Data for review section start

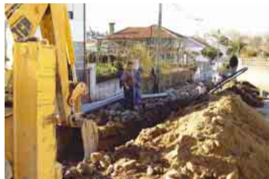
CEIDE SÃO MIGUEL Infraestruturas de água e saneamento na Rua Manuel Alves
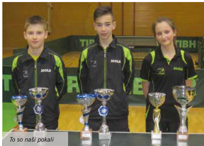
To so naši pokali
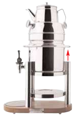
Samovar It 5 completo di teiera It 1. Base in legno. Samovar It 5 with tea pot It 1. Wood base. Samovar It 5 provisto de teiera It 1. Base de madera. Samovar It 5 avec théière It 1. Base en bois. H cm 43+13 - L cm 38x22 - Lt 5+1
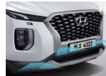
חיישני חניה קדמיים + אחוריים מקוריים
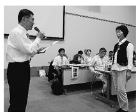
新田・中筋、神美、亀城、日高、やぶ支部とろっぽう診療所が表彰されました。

Data for review section end
Data for review section start

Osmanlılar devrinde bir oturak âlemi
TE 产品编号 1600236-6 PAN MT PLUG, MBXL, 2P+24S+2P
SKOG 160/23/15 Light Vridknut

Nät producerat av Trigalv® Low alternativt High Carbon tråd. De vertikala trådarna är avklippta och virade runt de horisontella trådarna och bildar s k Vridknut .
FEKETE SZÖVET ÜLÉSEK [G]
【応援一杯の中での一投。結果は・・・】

Data for review section end

# Required action:
Collect the lines of the data that carry the word "Vridknut".

# Result of the task:
SKOG 160/23/15 Light Vridknut
Nät producerat av Trigalv® Low alternativt High Carbon tråd. De vertikala trådarna är avklippta och virade runt de horisontella trådarna och bildar s k Vridknut .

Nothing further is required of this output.